US General Tommy Franks said Saturday that US-led troops would overwhelm Iraqi forces in a never-before-seen scale, but acknowledged in his first comments since the war started that Saddam Hussein's regime was mounting a fight.
Speaking from his Gulf command post, Franks said coalition troops hadn't found any weapons of mass destruction in the war's first four days, but said he remain concerned that Saddam's forces might still try to use chemical weapons against advancing forces.
While offering no comprehensive battle assessments and few specifics on the war so far, Franks said he was satisfied with his troops' performance and boasted that the campaign to "liberate" the country would be "unlike any other in history."
He called it "a campaign characterized by shock, by surprise, by flexibility, by the employment of precise munitions on a scale never before seen and by the application of overwhelming force."
He acknowledged resistance, however, saying US troops had encountered Iraqi formations on several occasions and in several places and that the Iraqis had mounted "a lot of air defenses" around Baghdad.
But he bristled when asked whether the resistance was stiffer than he had admitted and pointed to what he said were "thousands" of instances of Iraqis surrendering since the war started Wednesday.
"What we say from this podium ... will be absolute truth as we know it," he said.
He said coalition forces were working to negotiate the surrender of Iraqi troops rather than overwhelm them militarily in the southern city of Basra, Iraq's second-largest.
By Saturday, US and British troops had taken the city's airport and a bridge, but Saddam Hussein's security forces resisted with artillery and heavy machine guns, frustrating a speedy advance.
"Our intent is not to move through and create military confrontations in that city," he said. "Rather we expect that we'll work with Basra and the citizens in Basra the same way, I believe, has been widely reported in Umm Qasr," which US officials said was taken on Friday although not entirely secured.

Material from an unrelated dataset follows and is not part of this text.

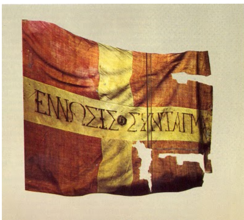
Λάβαρο των επαναστατών της 3ης Σεπτεμβρίου

ενηλικίωσή του στις 20 Μαΐου 1835) προσπάθησαν να δημιουργήσουν μια λειτουργική διοίκηση και έναν οργανωμένο στρατό. Ο απολυταρχικός τρόπος διακυβέρνησής όμως, η επιμονή του να κρατά εκτός κυβέρνησης τους Έλληνες πολιτικούς και η σκανδαλώδη προτίμηση των συμπατριωτών του Βαυαρών στο δημόσιο βίο, επισκίαζαν τις προσπάθειές του και προκαλούσαν έντονες αντιδράσεις από τα τρία κόμματα («αγγλικό», «γαλλικό», «ρωσικό»), κορύφωσή των οποίων αποτέλεσε η Επανάσταση της 3ης Σεπτεμβρίου 1843. Τον Ιανουάριο του ίδιου έτους η ανακοίνωσή της Ελλάδας, προς τις τρεις προστάτιδες δυνάμεις Αγγλία, Γαλλία και Ρωσία ότι αδυνατούσε να αποπληρώσει τα τοκοχρεολύσια του δανείου των 60.000.000 φράγκων για το εξάμηνο που έληγε την 1η Μαρτίου, αντιμετωπίστηκε αρνητικά και επιτιμητικά και από τους ισχυρούς «συμμάχους».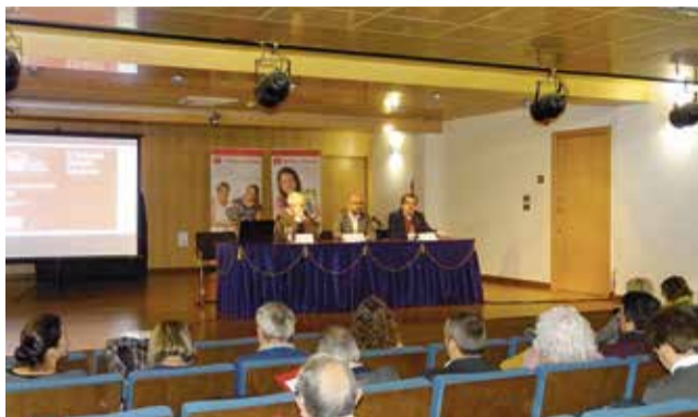
II Encuentro de ciudades lectoras.

US military officials said Saturday that the aim of coalition troops wasn't to fully occupy and secure cities such as Basra, but move through them en route to Baghdad and keep units in place to fight any lingering battles.
"This is about liberation not occupation," Franks said.
Hundreds of international journalists attended the briefing, the first use of the US military's high-tech US$1.5 million briefing center here in the Qatari desert. Ranking officers from Britain, Australia, Denmark and the Netherlands stood behind Franks as he spoke.
The general also said he had "no idea" where Saddam was and had no clarification of reports that he was injured or killed in bombardments on the night the war started.
"But interestingly," he said, "the way we're undertaking this military operation" would not change regardless of what happens to Saddam, because its intent was to bring down the Iraqi regime -- not just topple its president.
The general confirmed US missile attacks on a camp of the al-Qaeda-linked militant group Ansar al-Islam, in northern Iraq on Friday night. Kurdish officials in the region said at least 100 people died in the bombardment.